Because the moon is very small, it was not seen in the heavily scrutinized images taken by Voyager 2 during its Uranus flyby in 1986. However, it is brighter than another moon, Perdita, which was discovered from Voyager's photos in 1997. This led scientists to re-examine the old photos again, and the satellite was finally found in the images. Following its discovery, Mab was given the temporary designation S/2003 U 1.

== Orbit ==
Mab orbits between the moons Puck and Miranda, and is the outermost inner moon of Uranus. It orbits at the same distance from Uranus as the μ ring (formerly known as R/2003 U 1), a dusty ring discovered around the same time as the moon. The μ ring is blue in colour, although this is attributed to the small size of the particles instead of the material's intrinsic colour. It is the only blue ring in the Solar System known other than Saturn's E Ring. Mab is presumably the source of this ring, and it is likely composed of small water ice particles lifted off Mab's surface by micrometeoroid impacts. The moon is nearly the optimal size for dust production, since larger moons can recollect the escaping dust and smaller moons have too small surface areas for supplying the ring via ring particle or meteoroid collisions. No rings associated with Perdita and Cupid have been found, probably because Belinda limits the lifetimes of dust they generate.

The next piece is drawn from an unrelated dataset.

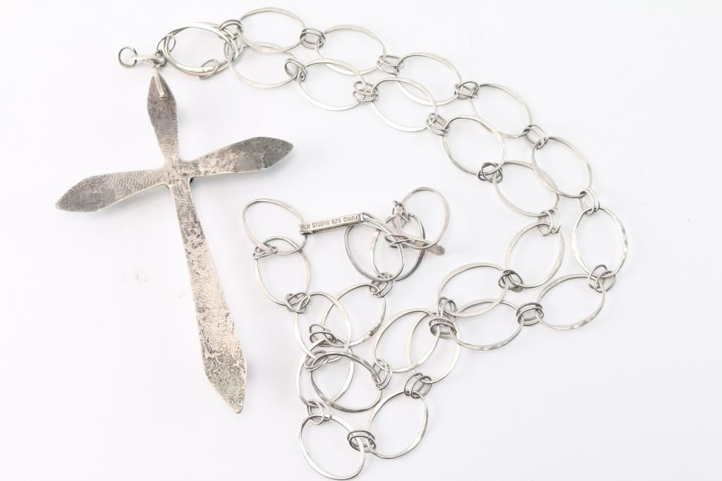 Cross measures 5" x 3 1/4". On sterling silver 70's style chain from China.

Mab's orbit was thought to be heavily perturbed. At one point, its location shifted from where it was expected to be by 100 km in as little as six days. One idea proposed to explain this is that it is pulled on by a number of undetected moonlets that share its orbit. Later it was found that the apparent orbital variation was due to an instrumental error.

== Physical characteristics ==
The size of Mab is not precisely known and has not been measured, so it is inferred by assuming the albedo to be similar to that of one of Mab's neighbouring moons, those being Puck and Miranda. If it is as dark as Puck (albedo 10%), it would be about 12 km in radius. On the other hand, if it has a relatively bright surface like the neighbouring moon Miranda (albedo 46%), it would have a radius of 6 km. This would be smaller than Cupid and make it one of the smallest Uranian satellites.

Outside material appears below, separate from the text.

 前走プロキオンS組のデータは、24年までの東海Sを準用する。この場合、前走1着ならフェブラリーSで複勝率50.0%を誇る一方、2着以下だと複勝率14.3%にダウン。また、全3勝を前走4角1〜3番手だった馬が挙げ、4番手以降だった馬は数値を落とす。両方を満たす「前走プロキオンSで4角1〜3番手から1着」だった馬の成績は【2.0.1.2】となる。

A study in 2006 reported observations with the Keck telescope failed to detect Mab in the near-infrared (2.2 μm). They hypothesized that Mab was covered in ice, similar to the classical moons of Uranus, making its radius in the range of 6-8 km. Another observing group in 2019, using the same telescope, again failed to find Mab in the ~1.6 μm range. They proposed that Mab's non-detection at both these wavelengths could be explained by the presence of water ice, as it has dark absorption bands at ~1.5 μm and ~2.0 μm, supporting a smaller icy body. Infrared observations published in 2023 finally managed to detect Mab in the near-infrared with the Keck telescope, by integrating multiple images together using the shift-and-stack method. Their results favoured Mab being a 6 km radius body with a brighter, Miranda-like surface that is rich in water ice; though it could not fully leave out the possibility of it being a 12 km radius body with a dark, Puck-like surface.

Mab also appears spectrally blue, like Miranda, indicative of water ice. Its spectral slope is the only one among the inner moons of Uranus that is similar to Miranda's.